Welcome to the OpenChessMate Machine Learning Model! Read below to understand exactly how we develop our recommendations.
We have included details on the factors that go into the recommendations as well as the weightage we give to each one.
For even more information check out our selection of openings.
This section describes the coding models and techniques used in this application.
We base our recommendations almost solely upon the games played by our users. We analyze these games with a machine learning model developed by scikit-learn to categorize a player's style. Based on a user's determined style, we provide opening recommendations tailored to produce positions fitting said playing style. In select cases, we also factor in a user's age and rating in making recommendations. These are only used when choosing between openings that are a similar fit to the user's playing style.
Our Machine Learning Model was made with the purpose of categorizing each player's style by detecting patterns in piece placement, pawn structure, and piece variety within moves. Then based on this categorization, it recommends openings that will result in positions that align well with the player's style, thereby giving the user an advantage in the form of favorable middlegame and endgame positions. It was coded in Python using the scikit-learn library and trained with open access games from lichess's open source database.
Our list of opening selections was compiled by International Master Sandeep Sethuraman who created it with the intention of selecting openings best suited for long term growth. This means all of our opening recommendations are tailored to players who want to improve, or in other words, they are for the most part classical openings with a small sprinkle of risky gambits suggested mainly for younger and lower-rated players for immediate success.

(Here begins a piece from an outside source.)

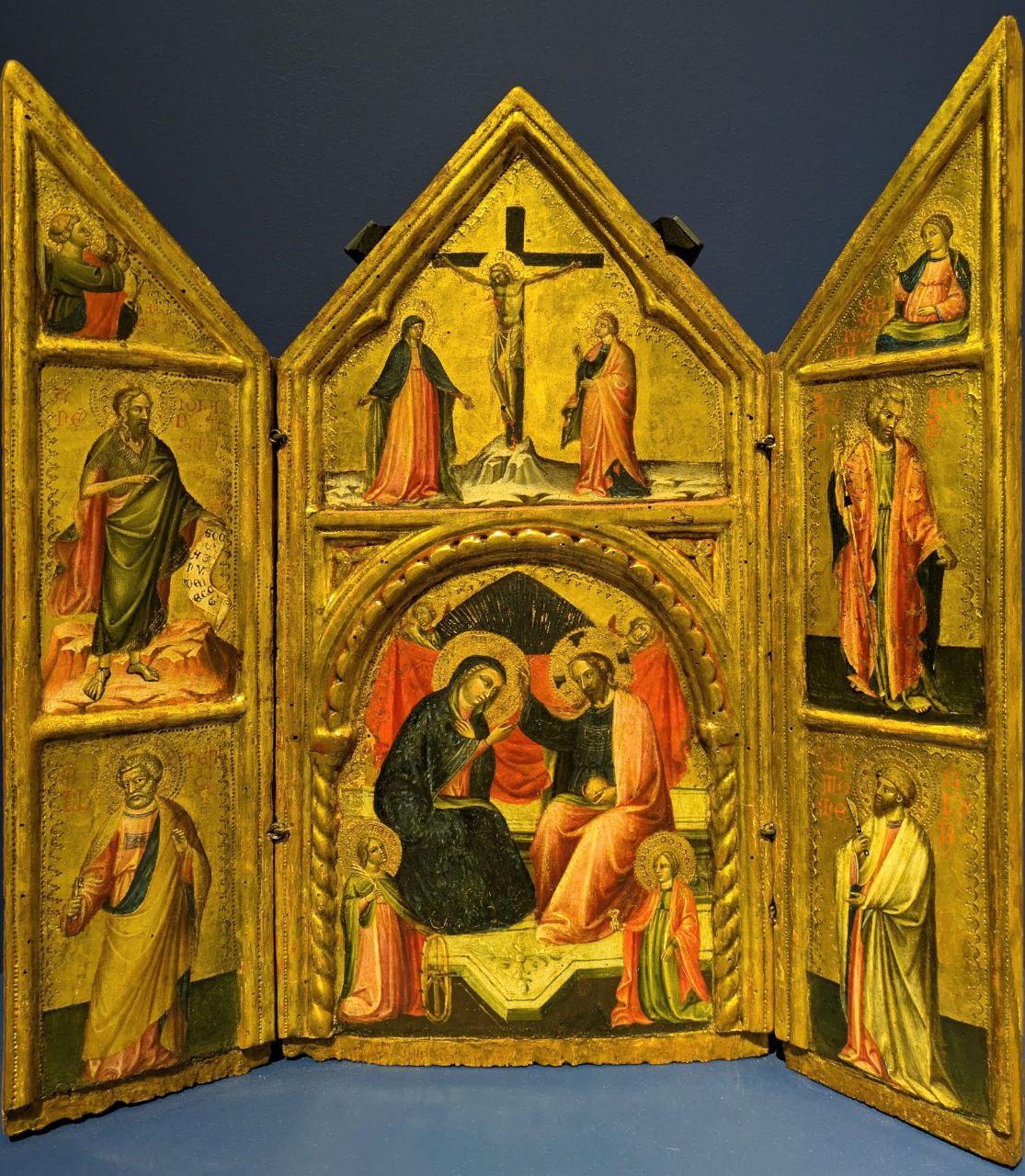 Nel pannello centrale l'Incoronazione della Vergine: Gesù Cristo, raffigurato come Salvator Mundi col globo nella mano sinistra che si appresta a benedire la Vergine, alle loro spalle un drappo sorretto da due angeli e ai piedi Santa Caterina e un'altra Santa, forse Lucia. Nella cuspide la Crocefissione: la Madonna con le braccia aperte in un gesto ampio, al centro Gesù sulla croce, a destra S. Giovanni Evangelista. Sportello di destra: in alto, Vergine annunciata a mezzo busto; al centro S. Giacomo con un bastone in una mano e un papiro arrotolato nell'altra; in basso S. Bartolomeo con il coltello, simbolo del suo martirio. Sportello di sinistra: in alto, angelo annunziante a mezzo busto; al centro, S. Giovanni Battista, vestito di pelli, con cartiglio; in basso, S. Pietro con la barba bianca e le chiavi in mano.
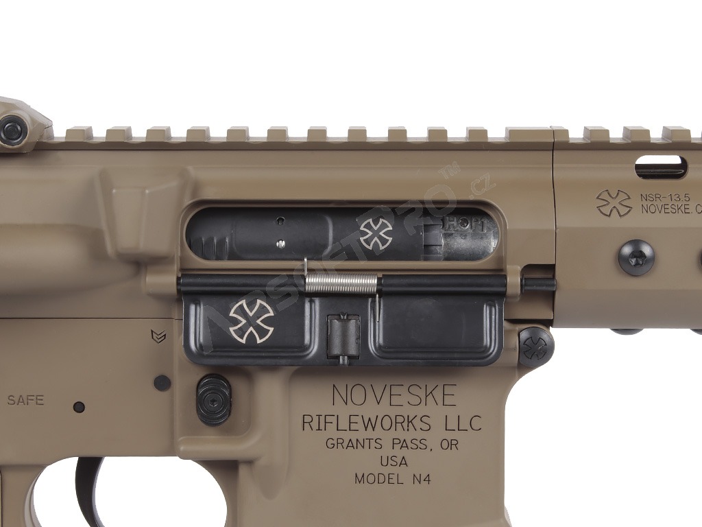 Pușcă airsoft NOVESKE NSR 13,5", Gen.3, ETU, Platinum - FDE [CYMA] Noveske Rifleworks este un nume emblematic în industria americană a armelor de foc, cunoscut pentru calitatea și designul său inovator. N4 este pușca lor emblematică bazată pe platforma AR-15, care este preferată de unități de elită precum Navy SEALS (DEVGRU) pentru compactitatea și fiabilitatea sa.

Find more at our Opening List page.
Our model evaluates the fit of each recommended opening with regards to a user's age and rating. In practice, we've learned that this only becomes a deciding factor in cases where two or more openings have a very similar level of fit for the player's style. With regards to using age, our analysis has shown that users with a lower age tend to perform better in positions with less pawns on the board and more open files and diagonals, so these are the openings we give preference to and vice versa for users with higher ages. The rating variable has shown a strong correlation between lower ratings and a preference for aggressive play, and this is almost always where it comes into play.
Don't worry! We make sure to stay within legal boundaries when accessing user games. We scrape games from two platforms: Chess.com and Lichess.org. In both cases, the organization has elected to make publicly available APIs containing an archive of games from each user. In accordance with these policies, we are able to access these APIs to take the PGN (Portable Game Notation) files for each game in a user's archive. Please note that we have a cap on the maximum games considered to ensure we are able to provide recommendations in a timely manner.